NISSANs_in_sample = []
LIMIT = evdata.shape[0]

for i in range(1000):
    NISSANs_in_sample.append(evdata.is_Nissan[np.random.randint(low = 0, high = LIMIT, size = 1000)].mean())

In [10]:
# Now, that we have sampled the data 1000 times with 1000 records in each sample.

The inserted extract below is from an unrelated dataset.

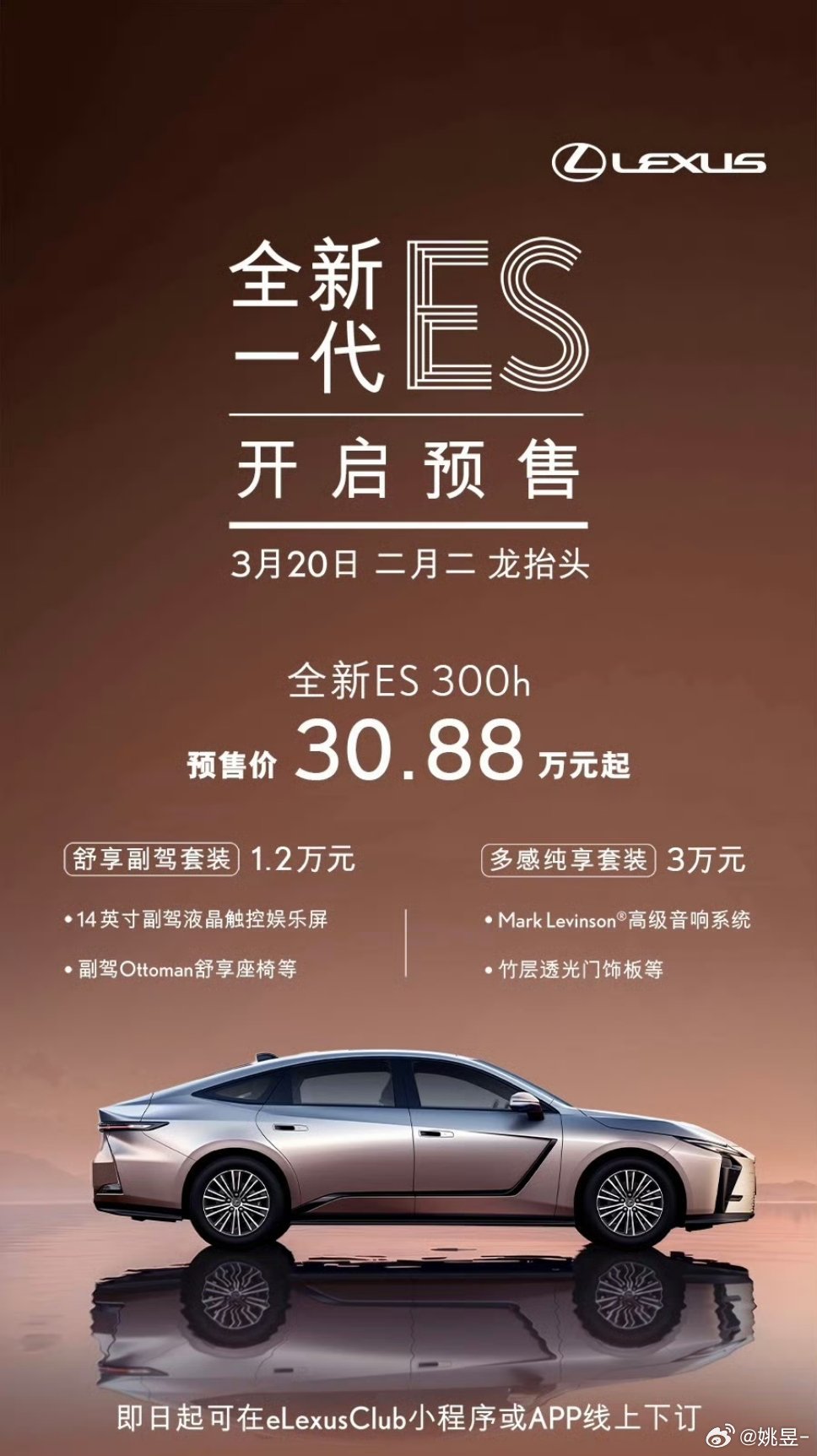全新雷克萨斯ES 价格来了预售价30.88万元起副驾娱乐屏+舒享座椅1.2万元马克莱文森音响+竹木饰板3万元后续也会有纯电车型这个价格你们觉得合适吗?全新一代ES依然ES超越ES
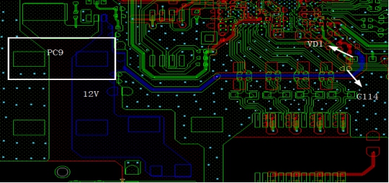 根据推测,5V上电台阶是由于后端负载太重抽取电流产生。查看PCB走线,发现提供给稳压管VD1产生5V的12V电压是在PC9前出线的(如图6所示),这将可能使5V在上电时由于容性负载而被拉低。

np.mean(NISSANs_in_sample)

0.09976100000000002

In [11]:
evdata.is_Nissan.mean()

0.0998367102872519

In [12]:
# The results are pretty close.
# Since we cannot do 1000 repeated samplings in real life, we'd next use a single sample of 20,000 records.

In [13]:
sample = evdata.copy().loc[np.random.randint(low = 0, high = LIMIT, size = 20000), :]

In [14]:
sample

Unnamed: 0,City,State,Make,is_Nissan
94928,Redmond,WA,TESLA,False
27995,Sammamish,WA,FIAT,False
43418,Seattle,WA,NISSAN,True
40937,Sammamish,WA,TESLA,False
109475,Spokane,WA,TESLA,False
...,...,...,...,...
120087,Langley,WA,BMW,False
54238,Mercer Island,WA,PORSCHE,False
45303,Federal Way,WA,NISSAN,True
58883,Kirkland,WA,TESLA,False


In [15]:
# Size of the sample 

sample.shape[0]

20000

In [21]:
# Proportion of Nissan Evs

x_bar = sample.is_Nissan.mean()
x_bar

0.099

In [17]:
# Still quite representative!

In [18]:
# Our best estimate statistic is 0.099
# From our sample we propose that of all EVs, 9.9% are Nissans.

In [19]:
# Now we have the best estimate statistic, how do we compute the margin of error

# ___$\bar{x}~\pm~multiplier \cdot standard~err$___

In [20]:
# At 95% confidence interval, multiplier = 1.96

# ___$stderr~=~\sqrt{\frac{\bar{x}(1 - \bar{x})}{n}}$___
# ___$\bar{x} - sample~statistic$___
# ___$n - sample~size$___

In [23]:
multiplier = 1.96
stderr = np.sqrt(x_bar * (1 - x_bar) / sample.shape[0])

In [25]:
print(f"Confidence interval: {x_bar - (multiplier * stderr)} - {x_bar + (multiplier * stderr)}")

Confidence interval: 0.0948607556341767 - 0.10313924436582331


In [26]:
# A confidence interval will always define a lower bound and an upper bound.
# And the center of this interval will be our best estimate!

## ___What does a confidence interval mean?___
---------------------

In [33]:
# Note: Here we assume the whole population to be our dataset.
# Even though, in reality, our dataset itself is a sample.

# Means a range of reasonable values for our parameter.
# That is to say, with 95% confidence, the proportion of Nissans among EVs is between 

print(f"That is to say, with 95% confidence, the proportion of Nissans among EVs is between {(x_bar - (multiplier * stderr)) * 100:.4f}% & \
{(x_bar + (multiplier * stderr)) * 100:.4f}%")

That is to say, with 95% confidence, the proportion of Nissans among EVs is between 9.4861% & 10.3139%


In [34]:
# This range is the limits where we believe our statistc to be.
# It might be in there, it might not be, we can never be sure. But we are 95% confident that IT IS THERE!